Tag: robert kagan
Trump's 2024 Threat Is Serious-- But Ultimately He Will Lose

Trump's 2024 Threat Is Serious-- But Ultimately He Will Lose

The big question isn't whether Donald Trump plans to run for president come 2024. Assuming that he's alive, relatively healthy, and not under criminal indictment, of course he will. He pretty much has to.

Never mind that at age 75, Trump looks like a stroke or coronary event waiting to happen. The show must go on. He needs all the cash he can raise. Otherwise, his lifelong grift could come to an ignominious, if not farcical end. Tax fraud convictions and spiraling bankruptcies would be the least of it.

And if he runs, Republicans will surely nominate him.

What's left of the party he's torn apart won't be able to help themselves. Formerly apostles of "small government" conservatism, the GOP has morphed into a quasi-authoritarian cult of personality.

And despite the staggering incompetence and low comedy that marked his 2020 "Stop the Steal" campaign, it's worth remembering that people laughed at Mussolini too. Charlie Chaplin's merciless satire of Hitler in The Great Dictator didn't appear until October 1940, a full year into World War II.

So it's definitely worthwhile heeding thoughtful warnings that next time an electoral coup might work. Although there's almost no chance that Trump could come anywhere close to winning a majority of American voters, GOP skulduggery could put him back in the White House. Assuming that a complacent majority allowed it to happen.
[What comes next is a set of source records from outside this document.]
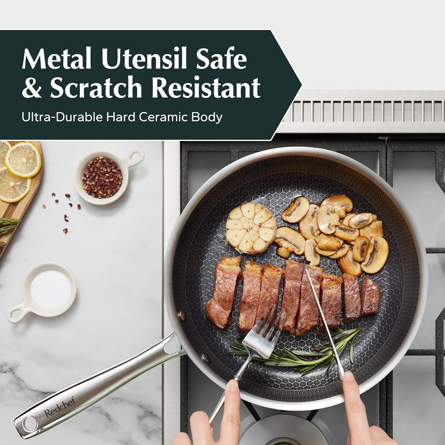 - SUPER NONSTICK: Redchef frying pans nonstick combines a honeycomb structure with a healthy ceramic coating for dual nonstick performance. Effortless food release and easy cleanup make cooking enjoyable. Perfect for frying eggs or sautéing vegetables with minimal oil
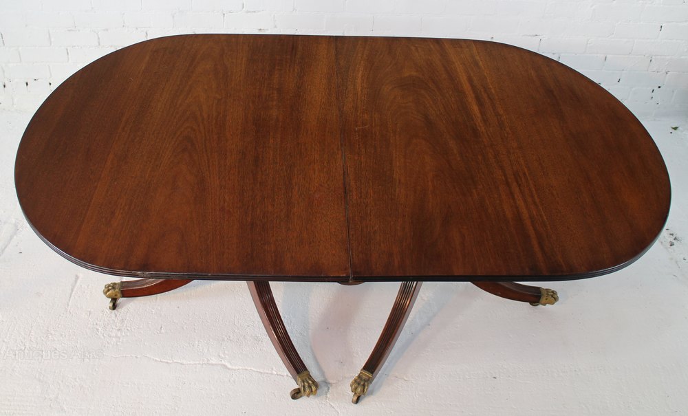 A Regency style twin pedestal dining table dating to c.1900 and with two original leaves, this lovely example of a solid mahogany D-end table has a reeded edge and stands on two turned columns with downswept reeded legs and brass paw caps and castors. The two leaves extend the table from 6ft to either 8 or 10ft depending on whether one or both leaves are used. A good table with a nice colour and grain, a solid feel when extended as the additional leaves are supported on two beams which slot into the underside of the table whilst brass clips pull the joints tight. In very good condition, some signs of age as to be expected but only minor marks and scratches.
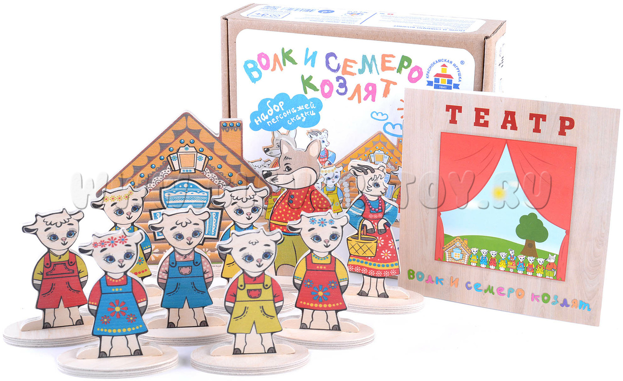Набор деревянный "Персонажи сказки Волк и семеро козлят"
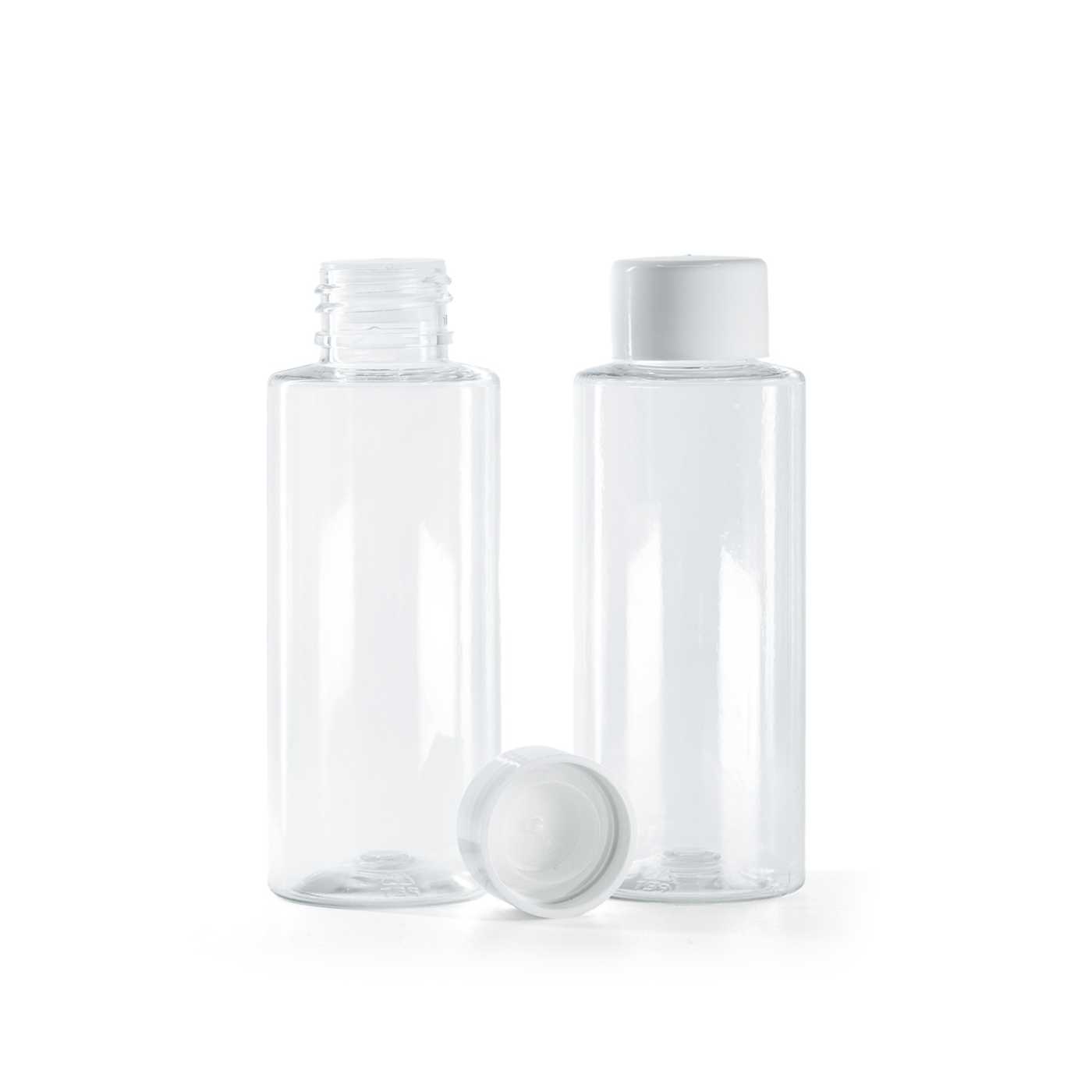 Plastová průhledná láhev, hladké bílé víčko s redukcí, 100 ml

Longtime neoconservative author Robert Kagan, has recently published a thought-provoking Washington Post essay arguing that a constitutional crisis is already upon us. Kagan, who left the GOP in 2016, warns that "Most Americans — and all but a handful of politicians — have refused to take this possibility seriously enough to try to prevent it. As has so often been the case in other countries where fascist leaders arise, their would-be opponents are paralyzed in confusion and amazement at this charismatic authoritarian."

Certainly, Republicans are doing all they can to game the 2024 presidential election. Should they retake Congress in 2022, they'll do even more. So while it's possible that efforts to prevent minorities from voting could backfire—discouraging older white voters while energizing African-Americans—putting Republican state legislatures in charge of certifying elections is an ominous development.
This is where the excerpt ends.